British Library, MS Cotton Tiberius C. II, or the Tiberius Bede, is an 8th-century illuminated manuscript of Bede's Historia ecclesiastica gentis Anglorum.

==Characteristics==
The Tiberius Bede is one of only four surviving 8th-century manuscripts of Bede, another of which happens to be MS Cotton Tiberius A. XIV, produced at Monkwearmouth–Jarrow Abbey. As such it is one of the closest texts to Bede's autograph. The manuscript has 155 vellum folios. This manuscript may have been the Latin text on which the Alfredian Old English translation of Bede's Ecclesiastical History was based. The manuscript is decorated with zoomorphic initials in a partly Insular and partly Continental style.

The manuscript has given its name to the 'Tiberius' group of manuscripts, connected on stylistic grounds and sometimes also known as the 'Canterbury' group, though the region of their production remains unknown – Mercia has also been suggested.
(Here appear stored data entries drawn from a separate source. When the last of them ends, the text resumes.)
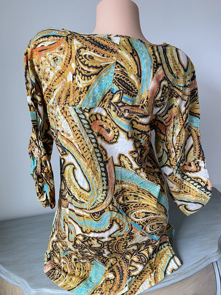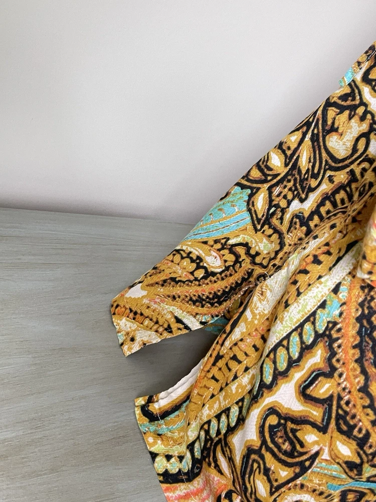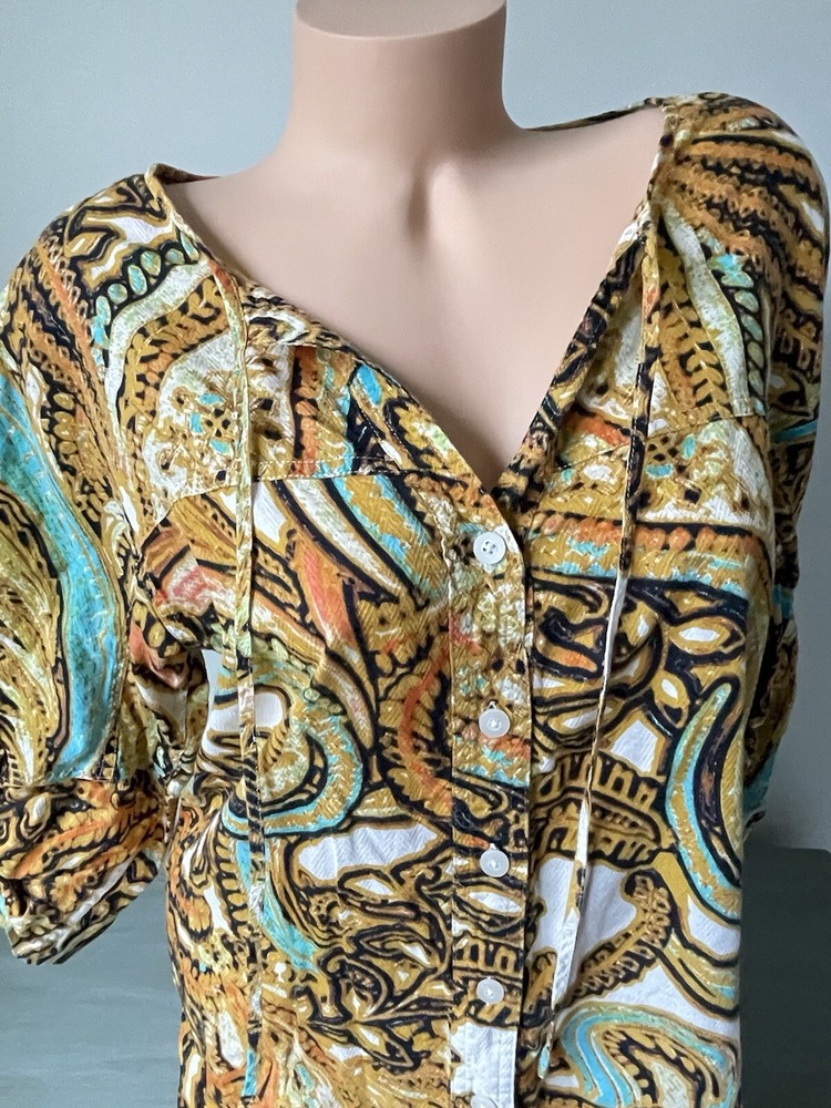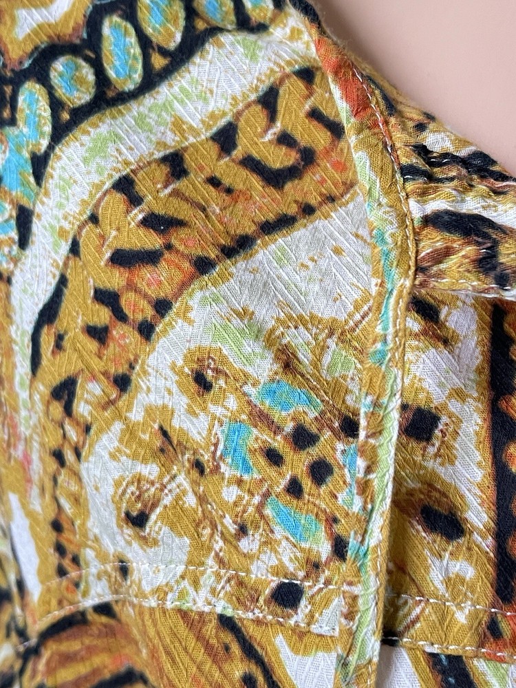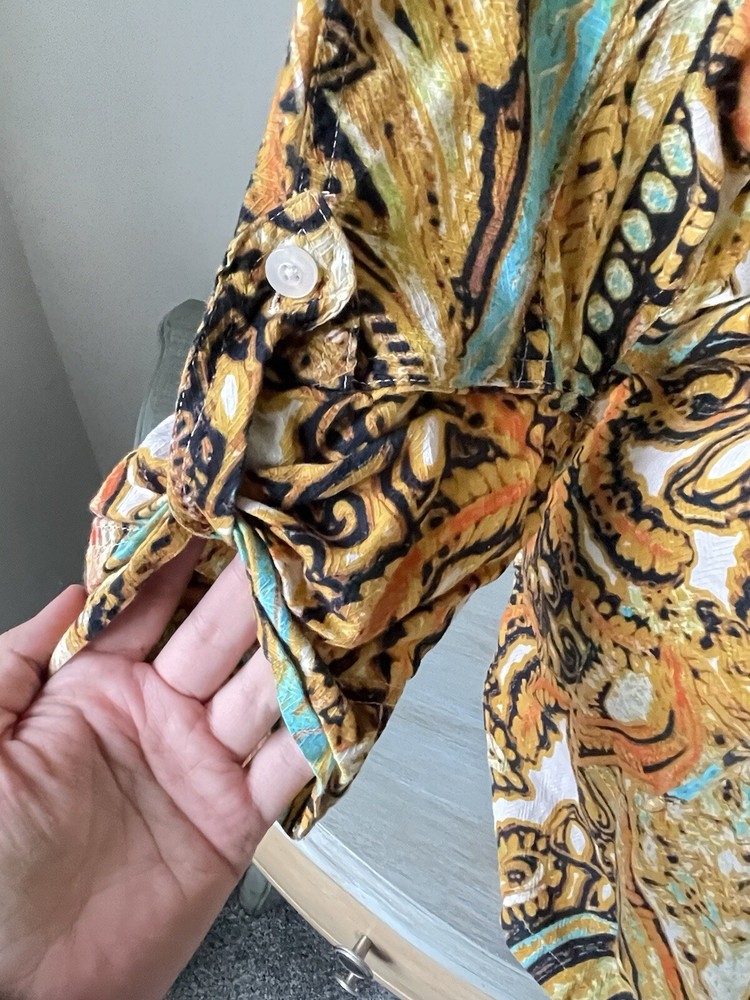Geek, Hippie, Indian, Nerd, Peasant, Retro, Teacher, Elegant, Boho bohemian gypsy gypsie hippie hippy hippey fairy, Herringbone Texture, Summer Rich Colors, Colorful bold bright vivid loud fun lively dopamine poppin, Colourful, Ladies Women Womens, Free returns combined shipping, Lightning fast shipping ship shipment same or next day, Beach town streetwear beachy summer summery sun sunshine, Coastal grandma coast ocean florida tropical, Vacation vibes sun fun cruise tiki cabana happy hour, Summer vacation vibes island resort wear exotic, Gold, brown black, coral peach teal blue green, Whimsy whimsical boutique eclectic, Weekend wear daywear lounge fashion easy, Tunic Blouse Shirt Pullover Button Up Tie Neck Split V
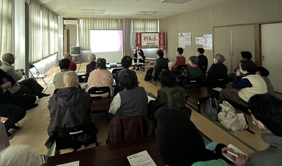 2月15日(日)、新婦人の会釜石支部の新春のつどいにおいて、上中島店の大釋里佳子薬局長が「4月からどう変わる?私たちの薬と医療費」と題して講演を行いました。当日は25名の皆さまにご参加いただき、約1時間にわたり、医療費に関する最新の動向を中心に、残薬の問題やOTC類似薬品、ジェネリック医薬品などについて分かりやすく説明いたしました。講演後には多くのご質問をいただき、医療費やお薬に対する関心の高さがうかがえました。参加された新婦人の会会員の方からは、「医療費について、薬剤師さんの説明を聞いて理解が深まりました。また、自分の飲んでいる薬について改めて考える良い機会になりました」とのご感想をいただきました。また、「いつも上中島店を利用しています。親身になって話を聞いていただけるので安心しています」といった温かいお言葉も頂戴し、大変励みになりました。これからも地域の皆さまに正しい情報を分かりやすく発信し、安心してご相談いただける“かかりつけ薬局”として努めてまいります。
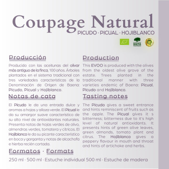 Hergestellt mit Oliven aus dem ältesten Olivenhain des Anwesens, der 100 Jahre alt ist. Die Bäume wurden nach dem traditionellen System mit drei charakteristischen Sorten von Baena gepflanzt: Picudo, Picual und Hojiblanco.
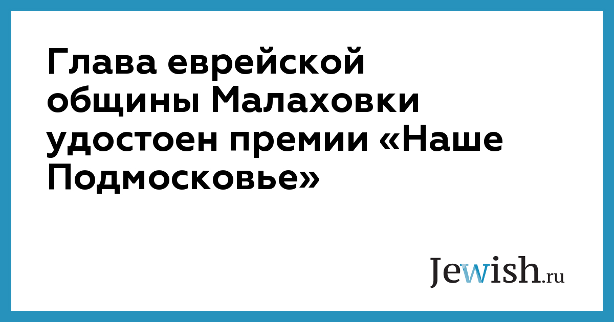 Глава еврейской общины Малаховки удостоен премии «Наше Подмосковье»

Apart from the Tiberius Bede, the group includes: Vespasian Psalter, Stockholm Codex Aureus, Barberini Gospels, Book of Cerne, Blickling Psalter, Codex Bigotianus (BnF MS lat. 281, 298), Royal Bible (British Library MS Royal 1.E.vi), Royal Prayerbook, Book of Nunnaminster, Harleian Prayerbook, Saint Petersburg Gospels, Anglian collection manuscript V (British Library MS Cotton Vespasian B.vi, folios 104–109), BnF MS lat. 10861, Bodleian Library MS Hatton 93, Salisbury Cathedral Library MS 117, and a number of other manuscripts.